А я всё тот же гость усталый
Земли чужой.
Бреду, как путник запоздалый,
За красотой.
Снежная музыкальность разольётся, серебрясь, но мотивы печали и усталости, столь характерные для Блока, не отменит она, не отменит…
«Новогоднюю сказку» предложит И. Анненский, щедро прорезая гранями виртуозного мастерства заурядность действительности:
Светилась колдуньина маска,
Постукивал мерно костыль…
Моя новогодняя сказка,
Последняя сказка, не ты ль?
О счастье уста не молили,
Тенями был полон покой,
И чаши открывшихся лилий
Дышали нездешней тоской.
Таинственные логарифмы стихотворения Анненского требуют разобраться в реальности реального: хотя предпочтение, кажется, отдаётся теням.

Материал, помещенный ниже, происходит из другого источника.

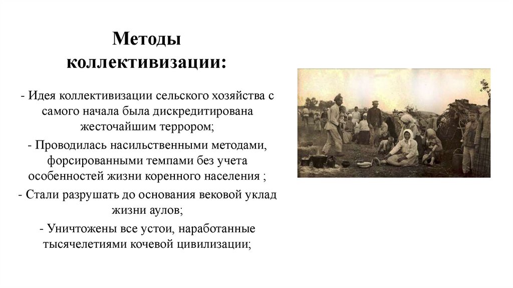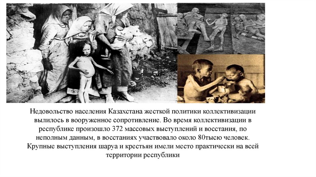 Недовольство населения Казахстана жесткой политики коллективизациивылилось в вооруженное сопротивление. Во время коллективизации в
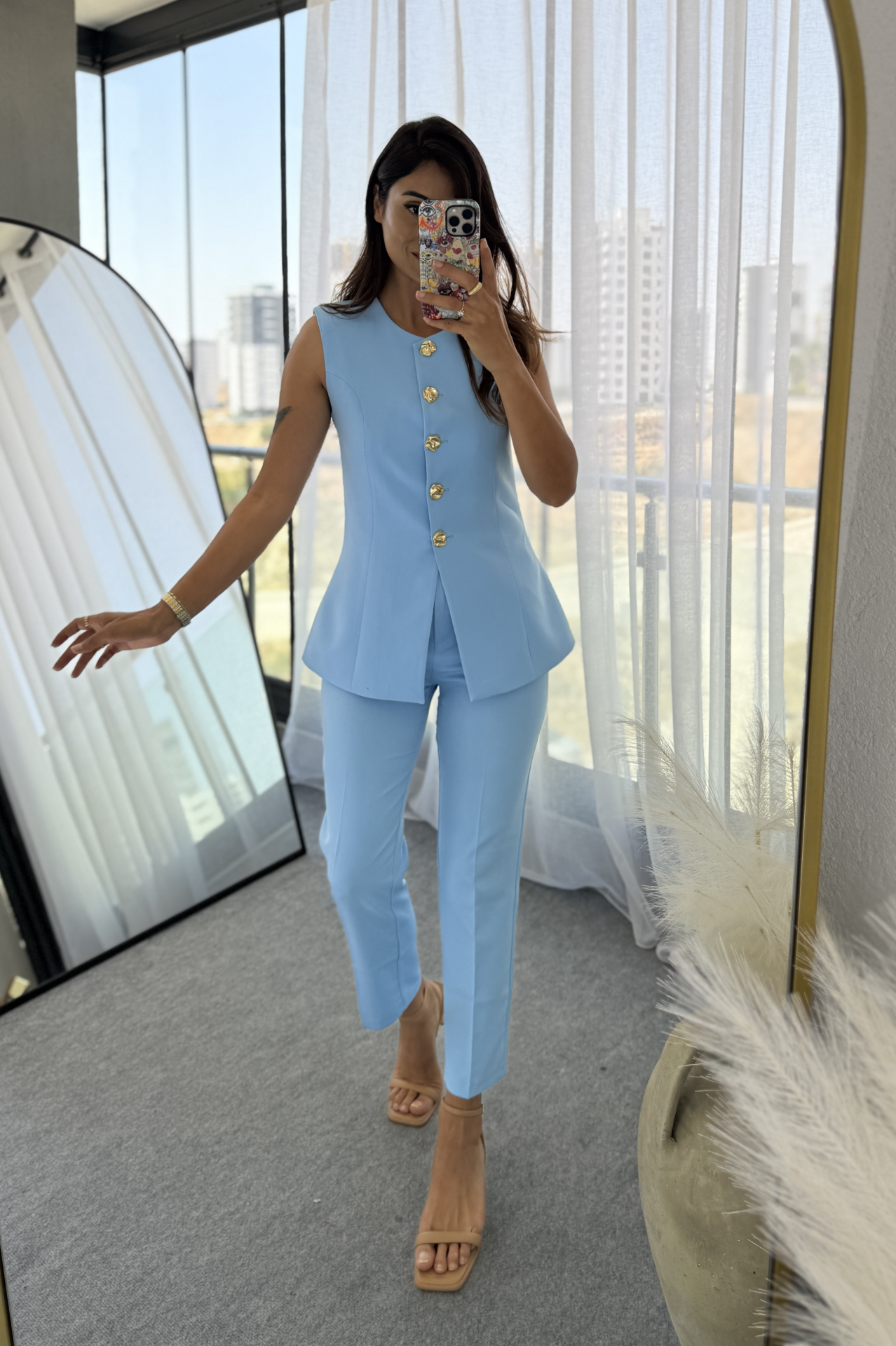 Duble atlas kumaştır, yelek, içi astarlı omuzları vatkalı bel kum saati görünümlü etek ucu kloş kesimdedir gold düğme detayı ile tamamlanmıştır.Pantolon bilek boy kesim yüksekbel tek pensli yanları cepli ve likralıdır
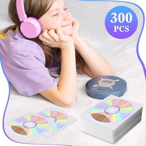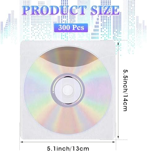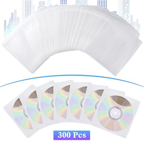 300 Pcs CD DVD Sleeves, Double-Sided Refill Plastic Sleeve for CD & DVD Storage Binders Disc Case, Disc Holder for Protection Replacement
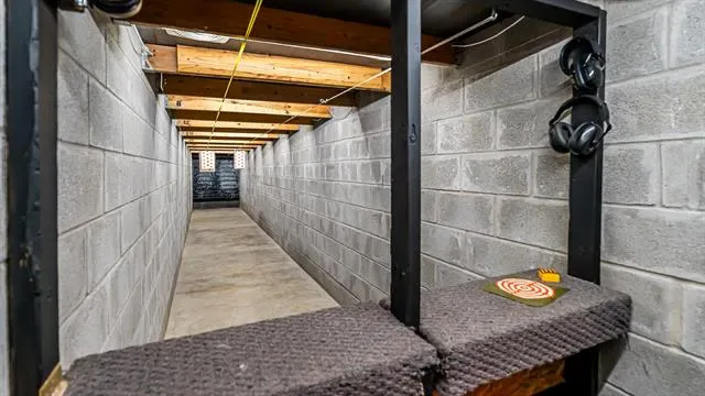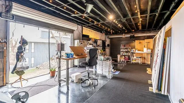A standout second building includes an indoor gun range, a flexible studio or workshop space with multiple 12-foot roll-up doors, and a full apartment above it complete with a kitchen, living area, bedroom, and bathroom.
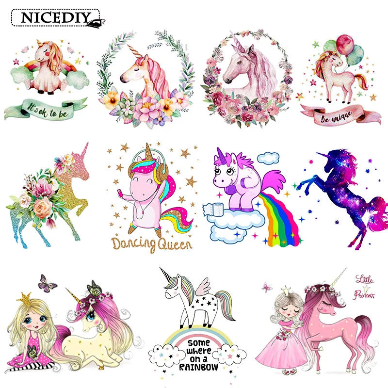 Nicediy Единорог Железный На мультфильм милый патч тепло винил переводит Радуга термальная наклейка на одежду DIY для детей футболка аппликация
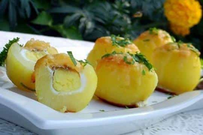 - Կեղևազրկում ենք խաշած կարտոֆիլը, ապա թեյի գդալով հանում ենք կարտոֆիլի միջուկը և ստացված փոսիկի մեջ կոտրում ենք լոիր ձուն:

Скорбный Новый год – и такое возможно, как поведает баллада А. Ахматовой:
И месяц, скучая в облачной мгле,
Бросил в горницу тусклый взор.
Там шесть приборов стоят на столе,
И один только пуст прибор.
Это муж мой, и я, и друзья мои,
Мы Новый встречаем год,
Отчего мои пальцы словно в крови
И вино, как отрава, жжёт?
Скорбный, шекспировски-трагичный, обжигающий память…
Но всё равно – Новый, новый; ведь Паскаль утверждал, что человеком всегда движет желание, когда не жажда счастья, определяя характер и мотивы поступков, а Новый всегда сулит неизведанное.
Грани строк Маршака совершенны, как прекрасно обработанные ювелиром камни, но здесь речь об высотах ювелирного мастерства метафизической пробы:
Дети спать пораньше лягут
В день последний декабря,
А проснутся старше на год
В первый день календаря.
И не в полночь – утром белым
Год начнётся для ребят.
За окном оледенелым
Будет слышен скрип лопат.
Ночь не для детей: им – сладость сна, подобного мечтаньям; им – роскошь снежного утра, и счастье, сулимое им.
Даже лучше – «щастье», как в старину писали: крепче звучит.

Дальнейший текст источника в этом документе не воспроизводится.